Overlander werd vanavond door Bol.com bezorgd en nu al kan ik de lijvige roman niet meer wegleggen. Op dit moment, pagina 80, piekert tropendokter Jesse Drost over de zin van zijn werk in het armetierige plattelandsziekenhuis St. Christopher, gerund door de (fictieve) ‘Zusters van het Heilig Hart’. Zojuist moest hij het driejarige kankerpatiëntje Costa laten sterven omdat er in Tanzania domweg geen geschikte chemotherapie verkrijgbaar is.
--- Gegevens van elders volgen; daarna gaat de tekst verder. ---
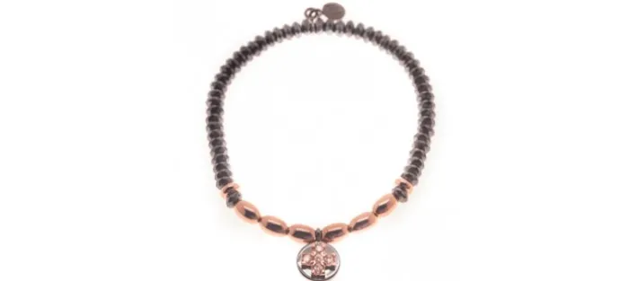 Pulsera de plata de primera ley (925) con baño de rutenio y chapado en oro rosa de 18 Kt., hematite facetado y circonitas coñac. Medida de muñeca 16,5 cm.

Dat maakt Jesse Drost neerslachtig. Nu al voel je dat hij zijn werk niet meer aankan. Dat hij weer weg wil, vluchten naar een plaats waar het leven minder wanhopig is. Zover is het nog niet. Maar de achterflap van het boek verklapt dat dokter Jesse Drost St. Christopher inderdaad verlaat. Hij gaat aan de slag in een dure privékliniek in de Tanzaniaanse havenstad Dar es Salaam. “Van het ene op het andere moment krijgt hij een heel ander leven. Vrijwel alle patiënten in de stadspraktijk zijn expats wier bestaan zich voornamelijk afspeelt achter de hoge muren van huizen met zwembad. Voor alles is personeel, verveling ligt dagelijks op de loer. De conversatie op de talloze party’s en bij de exclusieve zeilclub wordt beheerst door roddel, gefluister over seksuele escapades en geschimp op alles wat Afrikaans is.” Jazeker. Ook dat is een cliché. Maar clichés zijn er nu eenmaal omdat ze zo evident waar zijn. Ik zweer het. Ik heb niet stiekem naar het einde van Overlander gebladerd. Maar ik wil er een fles Tanzaniaanse whisky onder verwedden dat Jesse Dorst het in deze geparfumeerde omgeving al helemaal niet uit zal houden. Ik wed dat hij terug zal keren naar het arme plattelandsziekenhuis met zijn kwetsbare patiënten, zijn betrokken Zusters van het Heilige Hart. Terug naar het arme en soms toch zo rijke platteland, geurend naar smeulende houtvuren, rijpe ananas en kardemom. Naar de plaats waar mensen soms sterven omdat ze te arm zijn om te leven. Maar waar mensen, ondanks hun armoede, hun leven ook voluit weten te omarmen.